Which is topical, because watching for updates is a core feature of Redis streams (and Redis already had pub/sub channels before that). For that use case, SQLite is too little, even if your needs are otherwise quite basic.

Unfortunately, this difference in capabilities seems to be partly a result of limitations in the underlying OS APIs. SQLite uses POSIX advisory locks to lock ranges of the database file, but I don’t think there’s any similar API that provides an event or semaphore associated with a given file, instead of a lock. There are plenty of messaging APIs that aren’t associated with an arbitrary file – there are semaphores, message queues, and shared memory objects, in fact two sets of APIs for each of those (SysV and POSIX), plus signals, etc. But those all have their own namespaces, and if the two processes trying to synchronize with each other are in different containers, they might not share those namespaces. There are Unix sockets – those are a decent option, but they require one process to set itself up as the server, which is a bit weird in the SQLite model where all the processes are on an equal footing, and any may quit at any time. They also don’t work over NFS (whereas locking does, at least sometimes). You can try to mmap a regular file and then treat it as shared memory, but that’s not guaranteed to work in all cases, and again doesn’t work over NFS. I suppose you could try to abuse a lock as a semaphore, but that has its limitations…

But it’s not like many people use SQLite over NFS anyway. Whatever the approach, I’d love to see a “SQLite for notifications”. It would probably be a pretty simple library, but with the needed bells and whistles like bindings to higher level languages. If a library like this exists, I’d be very interested to hear, because a while back I searched for one in vain.

In my case the target application is video games (console and PC) so we performance and/or memory usage critical.

I've used Redis very successfully on the backend, so maybe I'm just trying to find some reason, any reason, to play with it in player facing code!

When I get started to build RediSLQ I wanted an interprocess, fast, data store that supported SQL manipulation.

It may be useful to you as well: RediSLQ.com

Or on GitHub: https://github.com/RedBeardLab/rediSQL

Full disclaimer: I am the author

Did you mean RediSQL.com? Or is that someone else?

Indeed you are right!

Yes https://redisql.com

I’ve used Realm for this very successfully. It is a bit limited in the number of languages it supports (outside of mobile where it seems to support pretty much everything), but it has really nice support for node.js and .net which is where I have used it.

It is pretty cool to be able to share live interconnected objects between processes with full transactional safety.

Embedded is a very huge field. That can be everything from aviation, military and medial up to some toys.

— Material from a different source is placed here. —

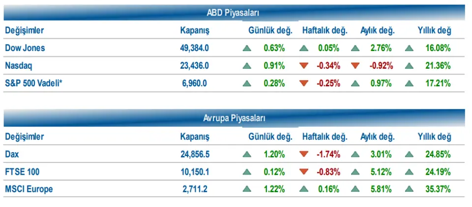 Dow Jones %0,63 artışla 49.384,01, S&P 500 endeksi %0,55 artışla 6.913,35 ve Nasdaq %0,91 artışla 23.436,02 seviyesinden günü tamamladı. Tahvil faizleri cephesinde 2 yıllık tahvil faizi %3,61, 10 yıllık tahvil faizi %4,25 seviyesine hafif yükseldi. VIX endeksi ise 16,90’dan 15,64 seviyesine geriledi. Avrupa piyasalarında da pozitif seyir izlendi. DAX endeksi %1,20, Euro Stoxx 50 endeksi %1,22, FTSE 100 endeksi %0,12 ve CAC 40 endeksi %0,99 değer kazandı. Euro Bölgesi’nde tüketici güven endeksi açıklandı. Beklentinin -13,0 olduğu tüketici güveni Ocak’ta -12,4 seviyesinde gerçekleşti. Önceki ayın verisi -13,1’den -13,2’ye revize edildi.

For some of those using something as Redis as the existing service might be interesting, for others it will be a no-go.

I worked on automative infotainment system in the past, and throwing Redis on an embedded Linux system there would have been fine if it would have fulfilled a particular task in a good fashion. I think I even proposed it once for something.

"basically no gain"

My payload are lists of int64's. I need to do set operations on those lists before sending the result over the wire. If you advise against embedding redis, can I instead embed my logic in redis? As a filter of sorts?

You can run Lua natively in Redis.

I hardly ever comment, but this is a really cool idea. Could you elaborate a little more? (On technical aspects, not political obstacles.)

Complete conjecture, I am not the GP.

Hydrating/deserializing data from Sqlite into types/objects and doing whatever goodness those need, then using Redis to make "updating the database" super fast (in memory after all) and let Redis write it back to Sqlite as there is IO/time/lull in traffic.

Kinda like how Epic Cache does its transaction journal flushing every X minutes?

You could have a look into RediSLQ (RediSLQ.com) which is a redis module that embed SQLite, giving crazy fast performance.

It gives you a lot of interesting concepts like "lightweight databases" or push queries result into streams.

Here the GitHub repo: https://github.com/RedBeardLab/rediSQL

Full disclaimer, I am the author.

I'm pleased you took the time to send this little targeted advert my way. I will be glad to check out that repo.

Thanks! Any feedback is welcome!

Some silly feedback on typos:

> Carefully tested for correcteness and tuned for performance – never loose a bit.

correcteness -> correctness (slightly ironic :-) ) loose -> lose

> RediSQL inheritanve all the SQLite knobs and capabilities

inheritanve -> inherits

> RediSQL is written in Rust which provides more guarantess agains common bugs

agains -> against

> Only a very minor part of RediSQL is not releases as open source

releases -> released

Just fyi :-) Looks like a really interesting tool :-)

FYI the SSL cert has expired on whoever is hosting your download link (plasso.com)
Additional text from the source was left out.